Condições granulomatosas:

> Granuloma por alumínio: Os sais de alumínio são usados em várias vacinas como adjuvantes para aumentar uma resposta imune específica e duradoura aos antígenos. Estima-se que cerca de 1% de todas as crianças vacinadas desenvolvem granuloma vacinal, que aparece entre 2 semanas e 13 meses após a injeção e persiste por uma média de 4,6 anos. Clinicamente, pode apresentar-se como nódulos subcutâneos eritematosos assintomáticos ou pruriginosos. Hipertricose e hiperpigmentação associadas podem ser observadas. Os fatores que exacerbam o granuloma vacinal em crianças incluem infeções, consumo de alimentos enlatados e o uso de protetores solares contendo alumínio.

> Granuloma por tatuagem: Reações granulomatosas localizadas induzidas por alumínio devido à hipersensibilidade tardia foram observadas em tatuagens, propostas como sendo devido à hipersensibilidade do tipo tardio. Essas reações ocorrem em 26,3% dos pacientes. Ocorreram eventos adversos semelhantes após a blefaropigmentação com silicato de alumínio.

Podoconiose: O alumínio do solo que penetra na pele é absorvido pelos macrófagos, resultando em inflamação e fibrose do lúmen do vaso, bloqueando assim a drenagem linfática e resultando em podoconiose.

Câncer: O uso de antitranspirantes contendo alumínio foi associado a cistos e tumores malignos da mama.

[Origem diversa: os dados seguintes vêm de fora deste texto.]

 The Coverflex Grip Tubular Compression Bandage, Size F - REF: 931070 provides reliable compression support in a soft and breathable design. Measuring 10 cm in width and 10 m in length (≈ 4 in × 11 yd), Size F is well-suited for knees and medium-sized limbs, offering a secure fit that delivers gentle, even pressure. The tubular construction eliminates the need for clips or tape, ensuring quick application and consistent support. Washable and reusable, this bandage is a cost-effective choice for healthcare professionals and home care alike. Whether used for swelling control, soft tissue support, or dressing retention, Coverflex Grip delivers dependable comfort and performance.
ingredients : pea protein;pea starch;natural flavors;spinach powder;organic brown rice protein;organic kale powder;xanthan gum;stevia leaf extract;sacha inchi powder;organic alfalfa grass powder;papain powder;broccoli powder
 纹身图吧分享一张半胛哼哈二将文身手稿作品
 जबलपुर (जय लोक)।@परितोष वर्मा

O metal, ao produzir alterações no DNA, efeitos epigenéticos e interferir na função dos receptores de estrogênio, pode predispor a tumores da mama no quadrante superior externo.

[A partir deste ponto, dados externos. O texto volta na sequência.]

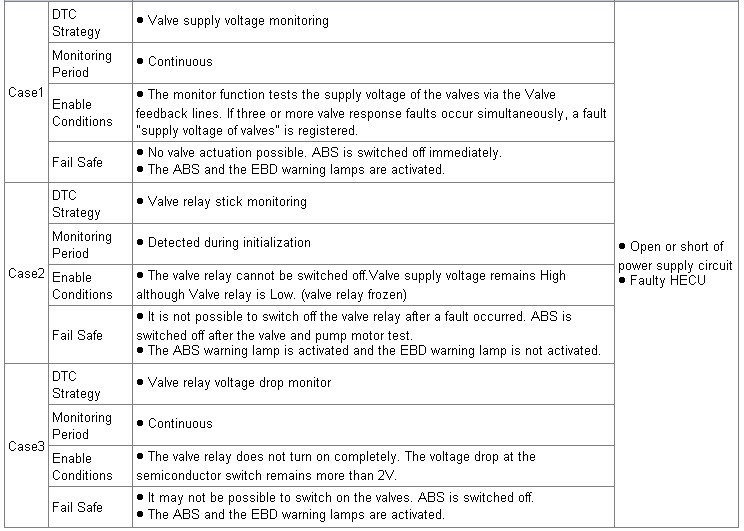 ABS ECU monitors voltage of the valve relay to check if ABS ECU can perform ABS control normally. The monitor function tests the supply voltage of the valves via the Valve feedback lines. If three or more valve response faults occur simultaneously, a fault "supply voltage of valves" is registered.
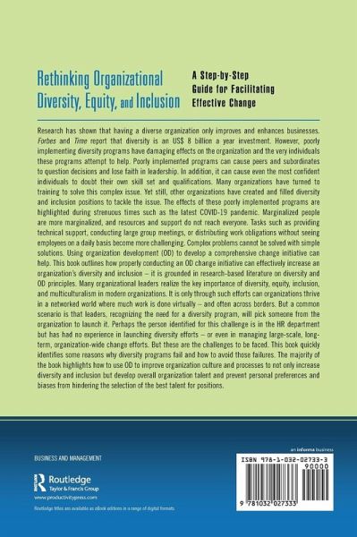 Research has shown that having a diverse organization only improves and enhances businesses. Forbes and Time report that diversity is an $8 Billion a year investment. However, poorly implementing diversity programs have damaging effects on the organization and the very individuals these programs attempt to help. Poorly implemented programs can cause peers and subordinates to question decisions and lose faith in leadership. In addition, it can cause even the most confident individuals to doubt their own skillset and qualifications. Many organizations have turned to training to solve this complex issue. Yet still, other organizations have created and filled diversity and inclusion positions to tackle the issue. The effects of these poorly implemented programs are highlighted during strenuous times such as the latest COVID-19 pandemic. Marginalized people are more marginalized, and resources and support do not reach everyone. Tasks such as providing technical support, conducting large group meetings, or distributing work obligations without seeing employees on a daily basis becomes more challenging. Complex problems cannot be solved with simple solutions. Using organization development (OD) to develop a comprehensive change initiative can help. This book outlines how properly conducting an OD change initiative can effectively increase an organization's diversity and inclusion -- it is grounded in research-based literature on diversity and OD principles. Many organizational leaders realize the key importance of diversity, equity, inclusion and multiculturalism in modern organizations. It is only through such efforts can organizations thrive in a networked world where much work is done virtually-and often across borders. But a common scenario is that leaders, recognizing the need for a diversity program, will pick someone from the organization to launch it. Perhaps the person identified for this challenge is in the HR department but has had no experience in launching diversity efforts-or even in managing large-scale, long-term, organization wide change efforts. But these are the challenges to be faced. This book quickly identifies some reasons why diversity programs fail and how to avoid those failures. The majority of the book highlights how to use OD to improve organization culture and processes to not only increase diversity and inclusion but develop overall organization talent and prevent personal preferences and biases from hindering the selection of the best talent for positions.
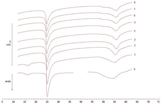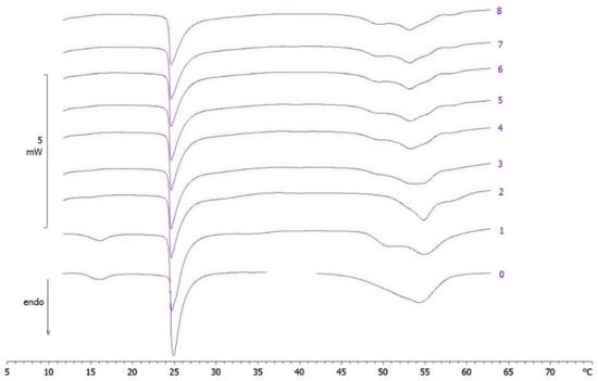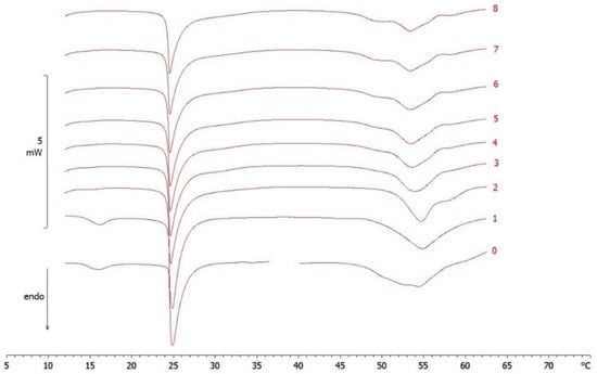Calorimetric curves, in heating mode, of MLV put in contact with empty SLN, at pH 5, at increasing incubation time. The numbers on the right side of the curves refer to the calorimetric scans. The curves 0 refer to the samples before contact.

Ademais, o alumínio também pode ser utilizado no diagnóstico. Por exemplo, a câmara de Finn é o sistema de câmara mais utilizado em testes de contato. Sais de alumínio, incluindo ACH, hidróxido de alumínio, sulfato de alumínio, lactato de alumínio, acetato de alumínio e acetotartarato de alumínio, têm sido usados para testes de contato em vez de alumínio elementar. Além disso, o AlCl3 é usado como um agente de contraste na microscopia confocal de reflectância (RCM).

Em conclusão, o papel do alumínio e seus sais ganhou importância nos últimos anos em diversas áreas da medicina. Entretanto, o surgimento do metal como alérgeno e seu uso em produtos cosméticos exigem atenção especial tanto de produtores quanto de consumidores.